Эмилия Деменцова. Lux aeterna 

Lux aeterna  

 Есть в фильме и иной свет: свет рампы, неоновый свет рекламы, которой не брезговал Паваротти, свет вспышек камер, преследовавших его, свет от свечек, которые норовит подержать любопытствующая публика.

В сотворенном под ДА БУДЕТ СВЕТ ­–  тот, кто его добудет. Ему мало и отраженного лунного, и мерцающего звездного, и немигающего света глаз, обращенных к нему. В саду, что вокруг, цветут и нега, и надежда, и страх, и мольба. Он поет небу о земной, а на земле бессонницей пытаются отсрочить свой вечный сон. Хор поет обреченно, герой вдохновенно. О том, что с утренней зарей победит, рассеяв мрак и растопив немоту сердца.

Так заповедано сюжетом о строптивой принцессе и ее загадках, стоивших жизни многим искателям ее любви. Так будет сыграно. Ведь это опера и тут все как по нотам и все игра. Софиты  притворяются лунным сиянием, декорации – императорским дворцом, а те, кто по обе стороны сцены, делают вид, что не знают имени поющего принца, осадившего неприступную Турандот.

Игра сродни покеру, игра, не терпящая блефа. Ближе шахматам. Игра, что на подмостках становится правдой. Если проиграешь – оправдания не будет. Так думал за сценой тот, кто на ней жил. И каждый раз за кулисами повторял: «Я иду умирать!».

В юности его, заболевшего неизвестной болезнью, поспешили отпеть. А он выжил и запел жизнь. Может быть от частоты сценических смертей, от детства, опаленного войной, в нем пылала такая жажда жизни. Утолял ее «Любовным напитком» (любимая им опера, может быть за то, что в ней ему не приходилось умирать), и тем, чем обессмертил себя  – Nessun dorma. Калафов много хороших и разных, но ария эта в его исполнении суть его жизни.

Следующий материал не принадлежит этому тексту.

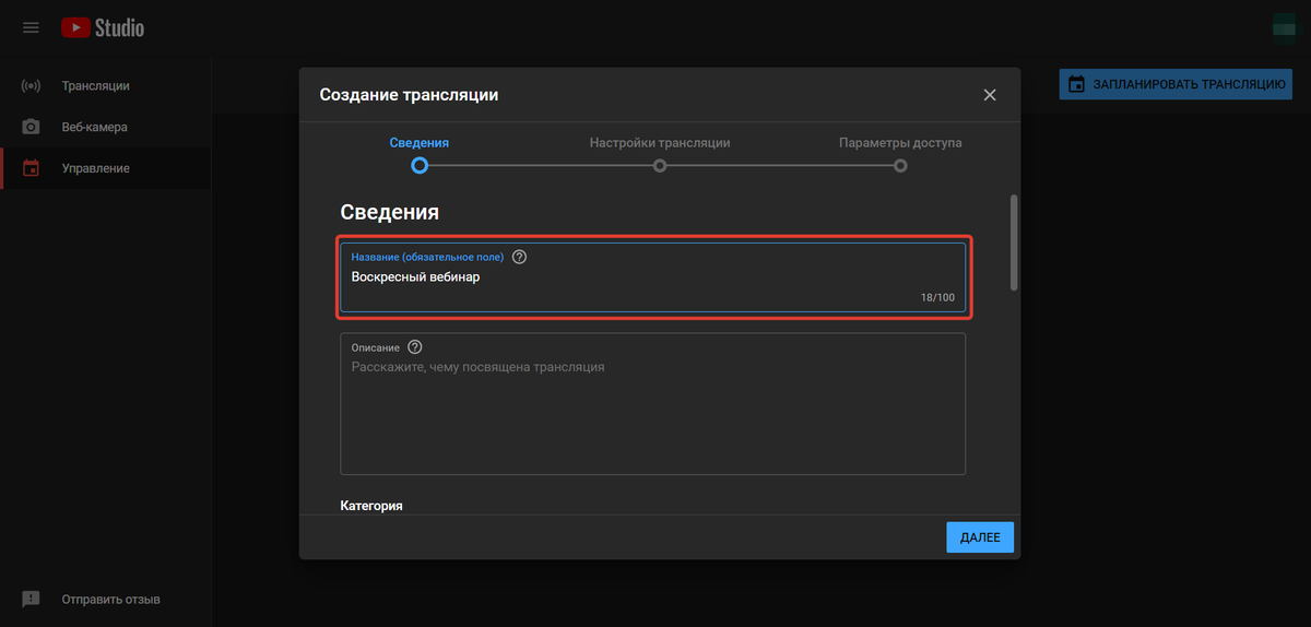 - Заполните обязательные сведения о трансляции: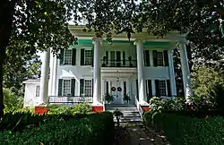 The William Perkins House, now known as the Freemount, is a historic Greek Revival style house in Eutaw, Alabama, United States. The house is a two-story wood-framed building on a raised brick foundation. Four monumental Ionic columns span the front portico. It was built in 1850 by William Perkins on the Eutaw Town Square.[2] According to the 1850 U. S. Federal Census Slave Schedule, William Perkins' household in Greene County included eleven enslaved people, four women and seven men. Their ages ranged from 2–45 years old, and Mr. Perkins is listed as the slave owner.[3] The house was recorded by the Historic American Buildings Survey in 1934. It was added to the National Register of Historic Places as a part of the Antebellum Homes in Eutaw Thematic Resource on April 2, 1982, due to its architectural significance.[1] It is also listed on the Alabama Register of Landmarks and Heritage.[2]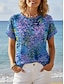 Mujer Camiseta Henley Shirt Botones Estampado Floral Túnicas Básico Manga Corta Escote Redondo Tops regulares Festivos Fin de semana Azul Piscina Morado Verde Trébol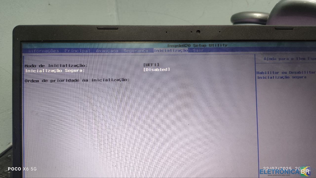 pessoal, estou com um notebook da acer aspire 3 Rizen 3 referencia a315-23 modelo da placa da0z8embc0 rev c esta com o seguinte problema: primeiramente ele chegou na bancada com o erro: no bootable device pois bem fui nas configurações e verifiquei que o UEFI estava ativado, ai fiz toda a configuração bescessaria para desativar e colocar no modo lagacy o que fiquei surpreso é que a ordem de inicialização não tem na bios sumiu. então removi a bios, gravei a mesma e ainda assim não aparece. resumindo, ele não dar boot e nem aparece a ordem de inicialização da bios. alguem ja pegou um defeito desses?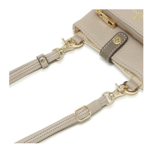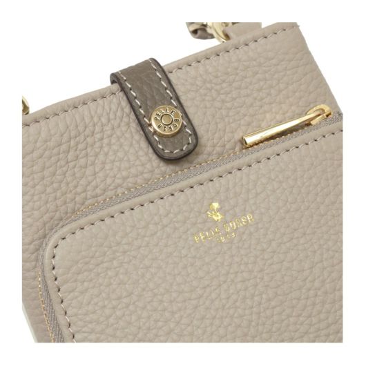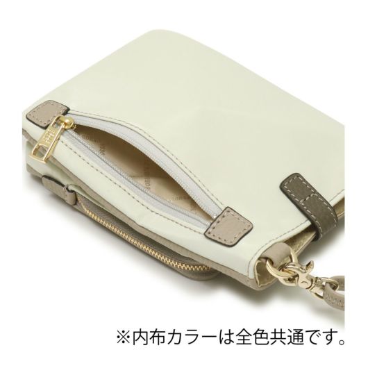 その名にふさわしい、上品でかわいいニュアンスのシリーズです。もっちりふっくらした上質な日本製シュリンクレザーは、マットな質感や柔らかな印象のオリジナルカラーがやさしく上品な印象です。携帯、ミニ財布、パスケース、ハンカチ、リップなど常に持ち運びたいものをしっかりと収納できます。本体、前ポケットなど見た目以上に収納に優れています。前ポケットにはペレボルサの二つ折り財布が入る仕様となっています。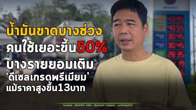 ข่าวทั่วไป 17 มีนาคม 2026 สุรินทร์ทูเดย์ บางราย ยอมเติม! ดีเซลเกรดพรีเมียม แม้ราคาจะสูงกว่าดีเซลธรรมดาถึง 13 บาท ผจก.ยอมรับ น้ำมันขาดบางช่วง เพราะลูกค้าเติมมากขึ้นประมาณ 50% สุรินทร์ สถานการณ์น้ Read More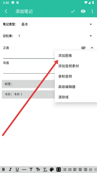 3、在进入到添加笔记页面后,可以点击添加图像选项,为笔记添加正面图像。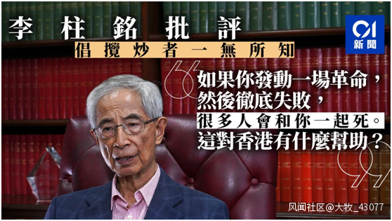 先是李柱銘形容香港激進抗爭者的“攬炒”(同歸於盡)行為很幼稚,並説要求“獨立”會讓香港失去國際支持,“提倡攬炒的人,他們一無所知”。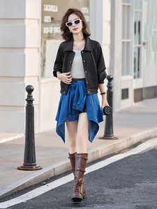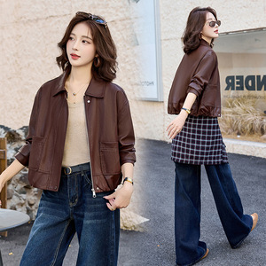 休闲风皮衣女2025秋新款洋气小众设计感宽松短款水洗皮夹克外套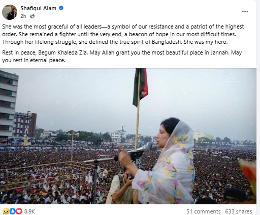 শোক জানিয়ে ফেসবুকে পোস্ট দিয়েছেন প্রধান উপদেষ্টার প্রেস সচিব শফিকুল আলম। তিনি লেখেন, “তিনি ছিলেন সব নেতার মধ্যে সবচেয়ে করুণাময় - আমাদের প্রতিরোধের প্রতীক এবং সর্বোচ্চ স্তরের একজন দেশপ্রেমিক। তিনি শেষ অবধি একজন যোদ্ধা ছিলেন। আমাদের সবচেয়ে কঠিন সময়ে আশার আলো। আজীবন সংগ্রামের মাধ্যমে তিনি বাংলাদেশের প্রকৃত চেতনাকে সংজ্ঞায়িত করেছেন। তিনি ছিলেন আমার নায়ক।”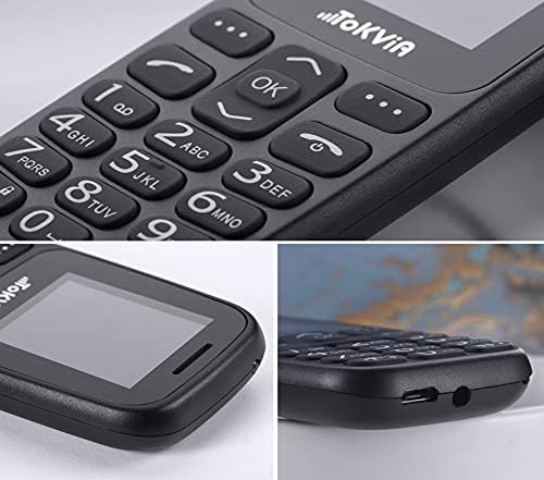 Senior Mobile Phone Unlock, TOKVIA T101 1.77 Inch Display Mobile Phone for Elderly with SOS Button and Flashlight, Black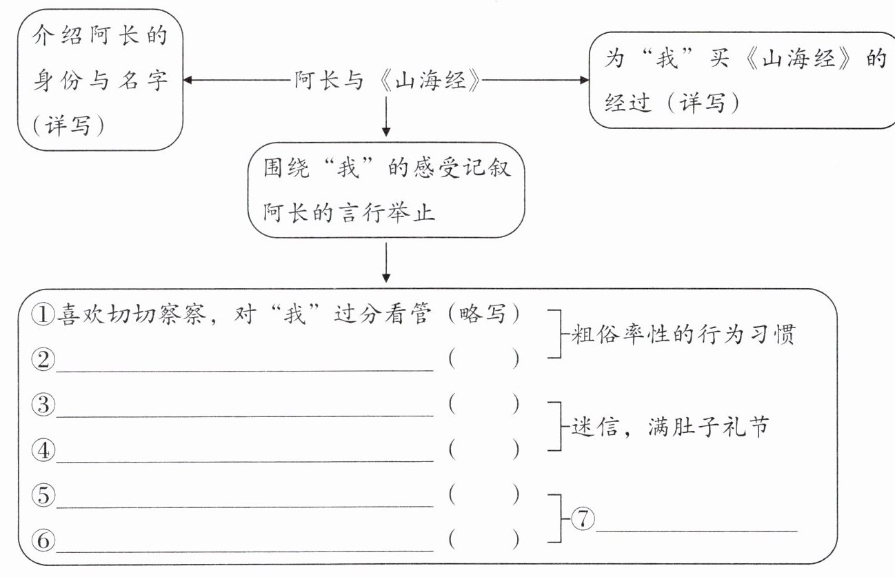 (1)熟读课文,梳理文中写阿长的事件,根据课文内容,完成下面的思维导图。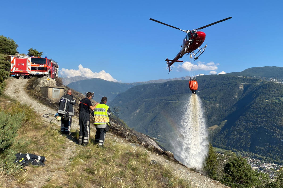 Feuerwehr Raron/Niedergesteln sowie Helikopter der Air-Zermatt im Einsatz. Löscharbeiten sind im Gange.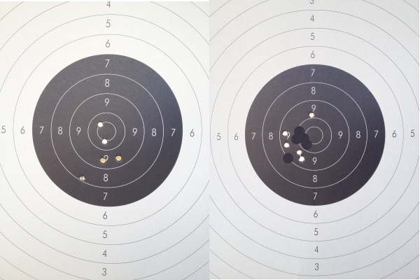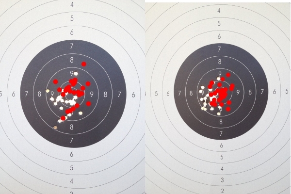 En ambos casos se comprueba claramente que las miras de las dos pistolas no estaban ajustadas para la vista de Pablo. Por eso me he tomado la "licencia" de hacer una corrección virtual del conjunto de los 25 impactos. En los dos blancos varios clicks arriba y hacia la derecha.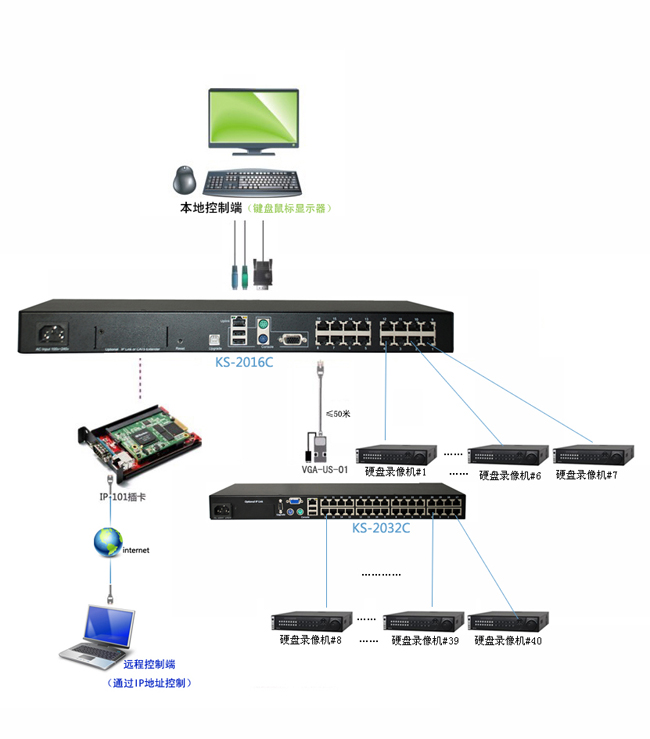 每台服务器连接VGA-US-01计算机接口模块,通过标准CAT5线缆连接至KS-2032C主机,共一台KS-2032C主机与顶层的一台KS-2016C采用树状级联,在顶层KS-2016C主机搭载IP-101模块,IP-101模块通过普通5类线将其连接到网络交换机端口实现硬盘录像机的远程集中IP管控,这样就能够实现1本地控制和1远程控。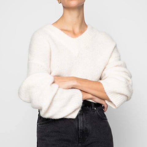 Lou Knit er strikket i en delikat mohair-miks og passer perfekt inn i vårgarderoben. Genseren har lange ermer med senket skuldersøm og ribbet mansjett. Ribbestrikket V-hals og oversized, boxy passform.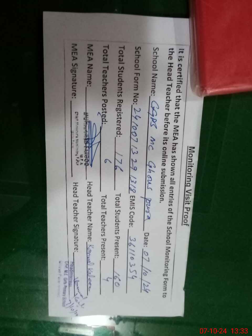 | EMIS Code: 36110354 | Name of School: GGPS MC GHOUS PURA | |||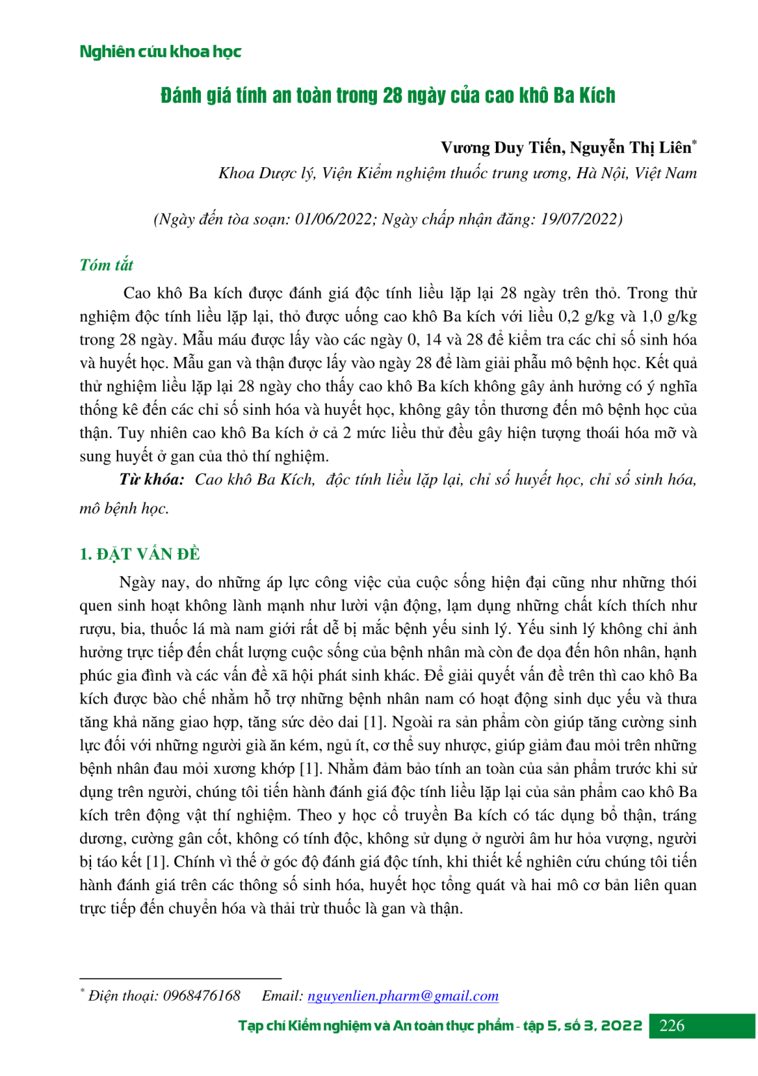 The “Ba kich” (Extractum Morinda ofcinalis) dried extract was evaluated for repeated dose toxicity at 28 days in rabbits. In a repeat dose toxicity test, rabbits were given oral solution of dry extract of Ba kich at the level of 0.2 g/kg and 1.0 g/kg for 28 days. Blood samples were taken on days 0, 14 and 28 to check biochemical and hematological parameters. Liver and kidney samples were obtained on day 28 for histopathology. The results of the 28-day repeated dose toxicity assessment showed that the dried Ba kich extract did not have a statistically significant effect on the biochemical and hematological indices, and did not cause damage to the histopathology of the kidney. However, dried Ba kich extract at both dose levels caused fatty degeneration and congestion in the liver of experimental rabbits.

Мало вывести голосом правильные ноты, трудно передать то, что в партитуре Пуччини обозначено как con anima – с душой. Ему удалось. Тем и незабвенно любим. Не девятью феноменальными верхними до из Quel destin в «Дочери полка» Доницетти,  которыми короновал себя, а монологом от сдержанной неторопливости  (andante sostenuto) до мощного, прорезающего лучом солнца тьму, крещендо –  «Спать не должно!». Гимн его, неусыпного, и реквием по нему же. Под него моденская Пьяцца Гранде провожала своего сына в последний путь. Она звучит в  самые важные и торжественные события в Италии, и возвел классическую музыку на небывалую доселе высоту  –  второе место –  в популярном UK Singles Chart.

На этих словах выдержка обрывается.